**Data for processing**:
========
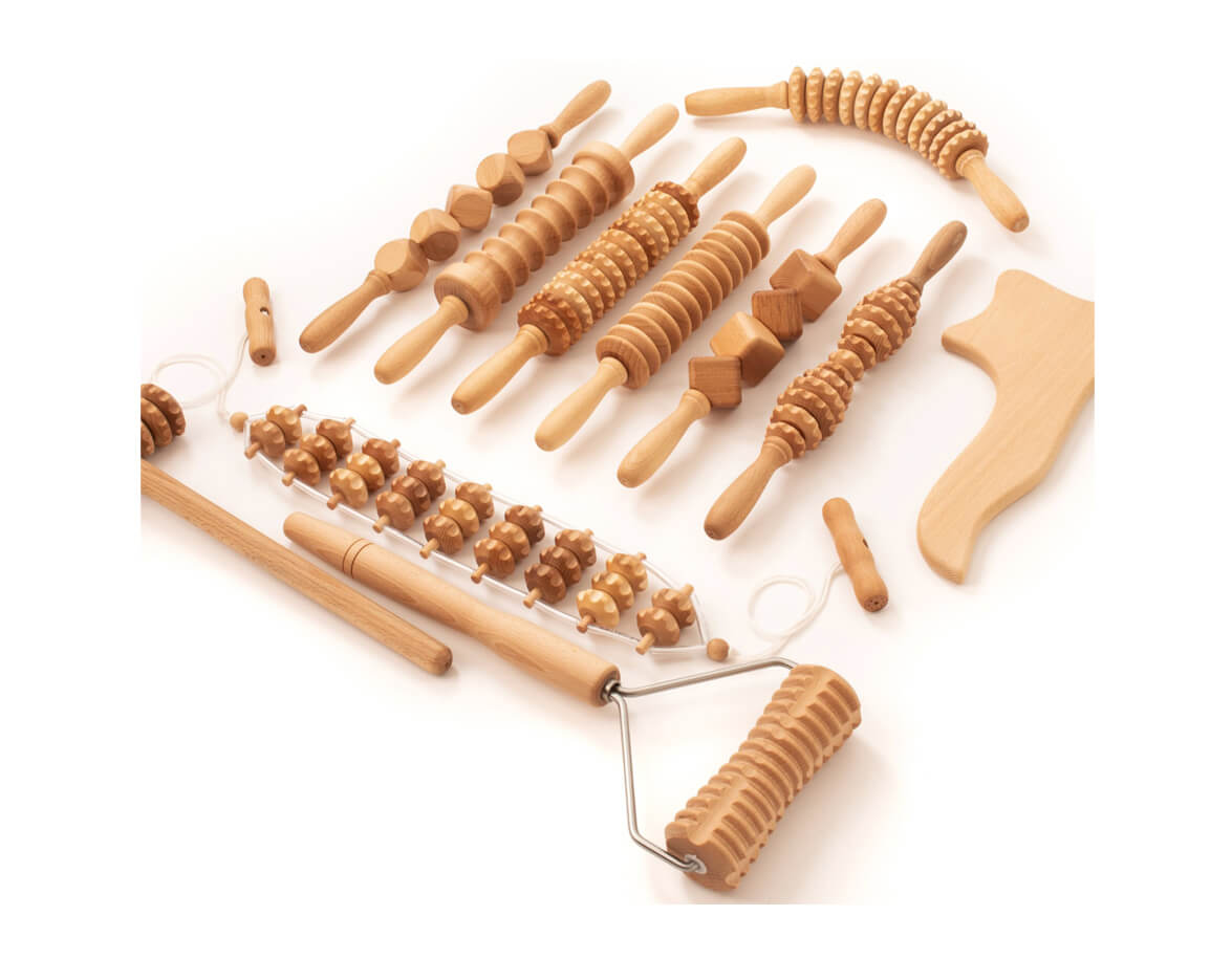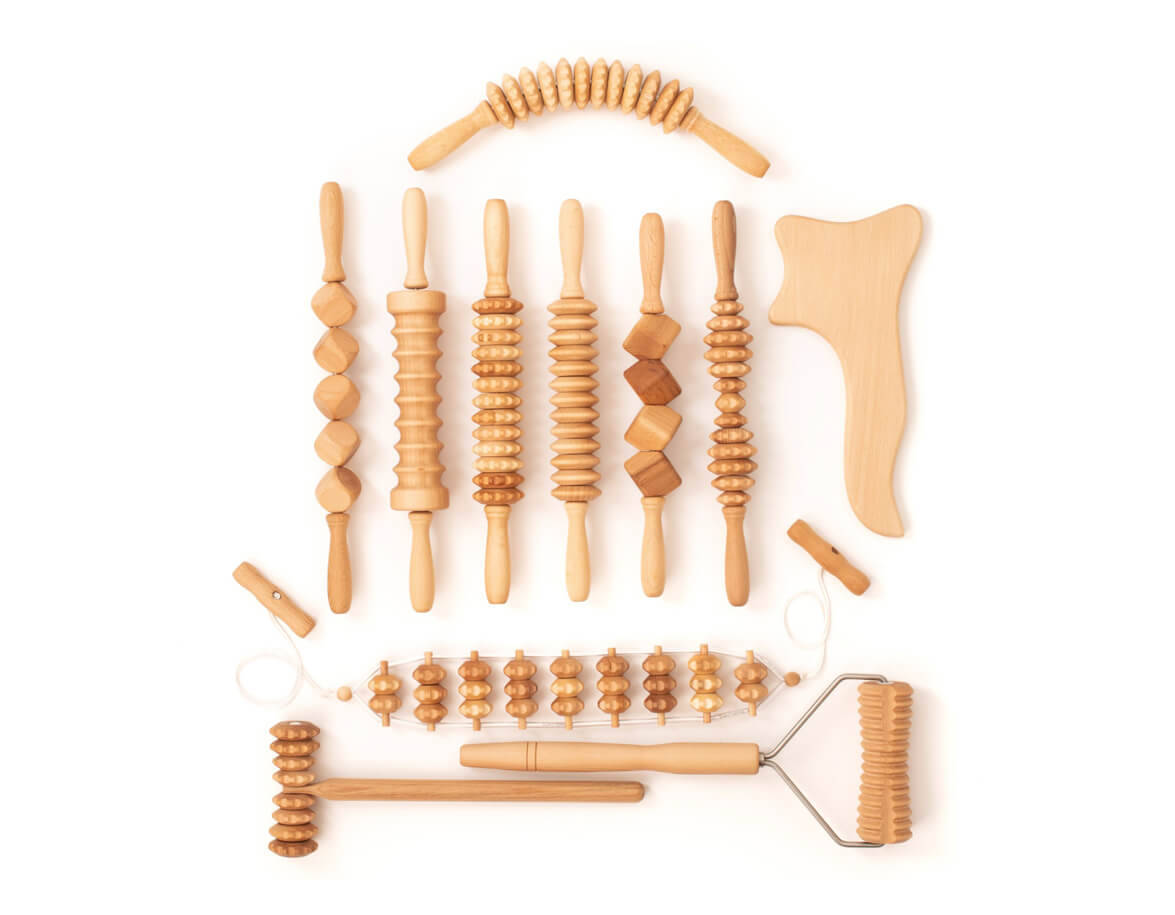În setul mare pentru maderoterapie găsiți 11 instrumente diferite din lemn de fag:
========
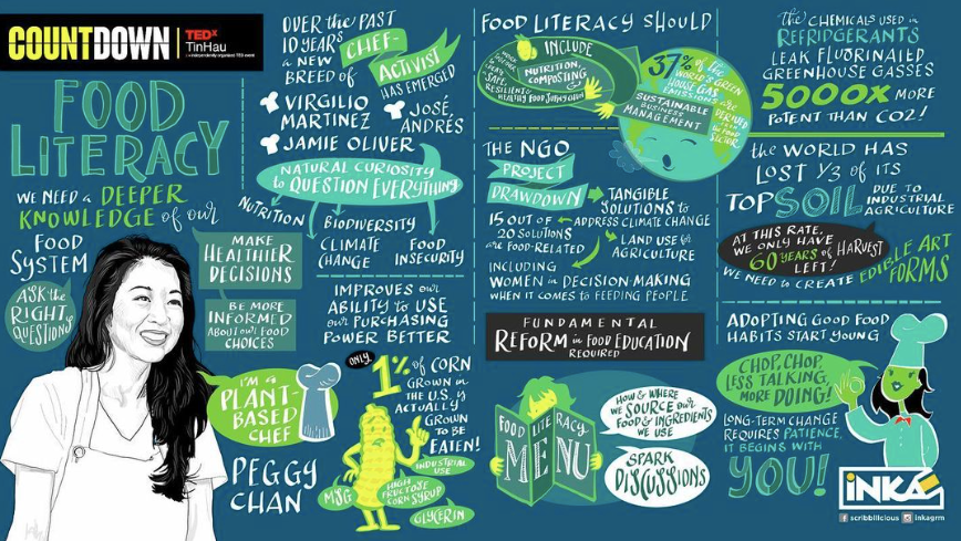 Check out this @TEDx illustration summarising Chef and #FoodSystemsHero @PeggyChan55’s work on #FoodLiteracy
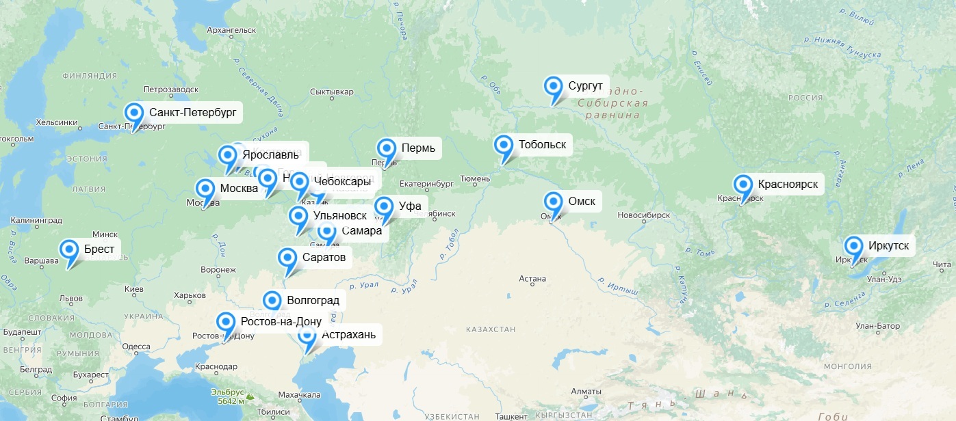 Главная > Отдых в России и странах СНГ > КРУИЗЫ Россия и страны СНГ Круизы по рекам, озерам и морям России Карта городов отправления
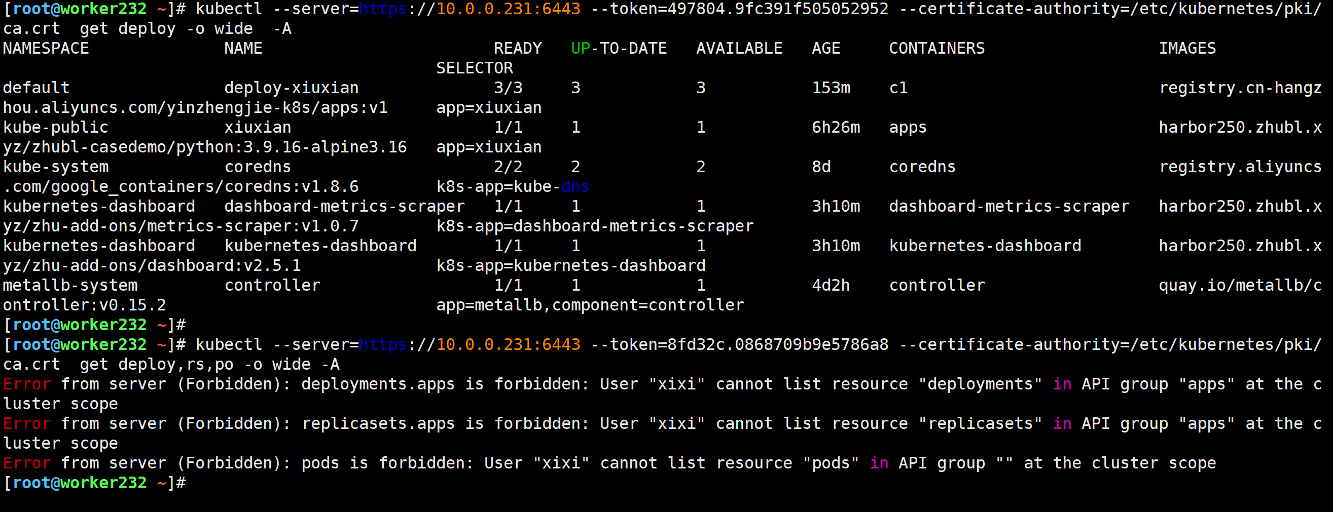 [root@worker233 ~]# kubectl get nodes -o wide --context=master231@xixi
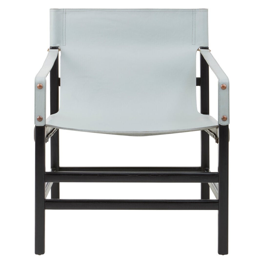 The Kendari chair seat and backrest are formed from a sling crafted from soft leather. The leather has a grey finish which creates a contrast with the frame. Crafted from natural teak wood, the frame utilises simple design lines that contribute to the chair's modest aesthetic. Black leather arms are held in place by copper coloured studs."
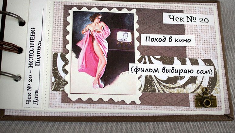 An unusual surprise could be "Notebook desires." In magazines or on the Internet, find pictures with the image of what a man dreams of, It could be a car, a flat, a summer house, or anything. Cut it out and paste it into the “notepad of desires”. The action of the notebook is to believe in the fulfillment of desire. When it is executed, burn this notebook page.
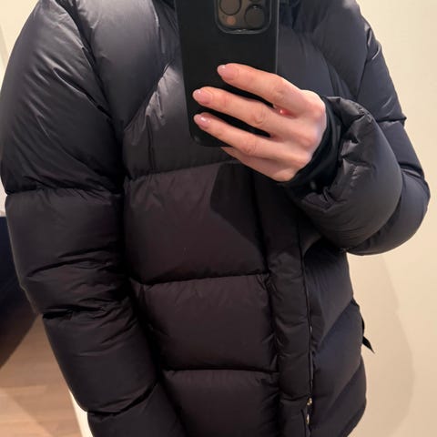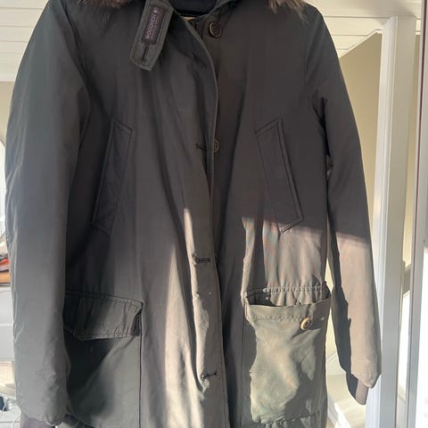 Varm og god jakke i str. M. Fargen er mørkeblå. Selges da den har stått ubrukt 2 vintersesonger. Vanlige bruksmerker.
========
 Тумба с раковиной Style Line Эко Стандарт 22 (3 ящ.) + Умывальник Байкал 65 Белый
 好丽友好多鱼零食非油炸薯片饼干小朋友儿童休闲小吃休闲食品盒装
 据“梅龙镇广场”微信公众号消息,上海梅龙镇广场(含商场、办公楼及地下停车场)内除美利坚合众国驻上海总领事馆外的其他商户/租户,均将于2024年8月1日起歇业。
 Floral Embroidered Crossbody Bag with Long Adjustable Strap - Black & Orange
========
**Exercise brief**: The reply should hold the entries above from the line with "An unusual surprise" to the line with "Varm og god", duplicated exactly, pictures excluded.

**Written solution**:
 An unusual surprise could be "Notebook desires." In magazines or on the Internet, find pictures with the image of what a man dreams of, It could be a car, a flat, a summer house, or anything. Cut it out and paste it into the “notepad of desires”. The action of the notebook is to believe in the fulfillment of desire. When it is executed, burn this notebook page.
 Varm og god jakke i str. M. Fargen er mørkeblå. Selges da den har stått ubrukt 2 vintersesonger. Vanlige bruksmerker.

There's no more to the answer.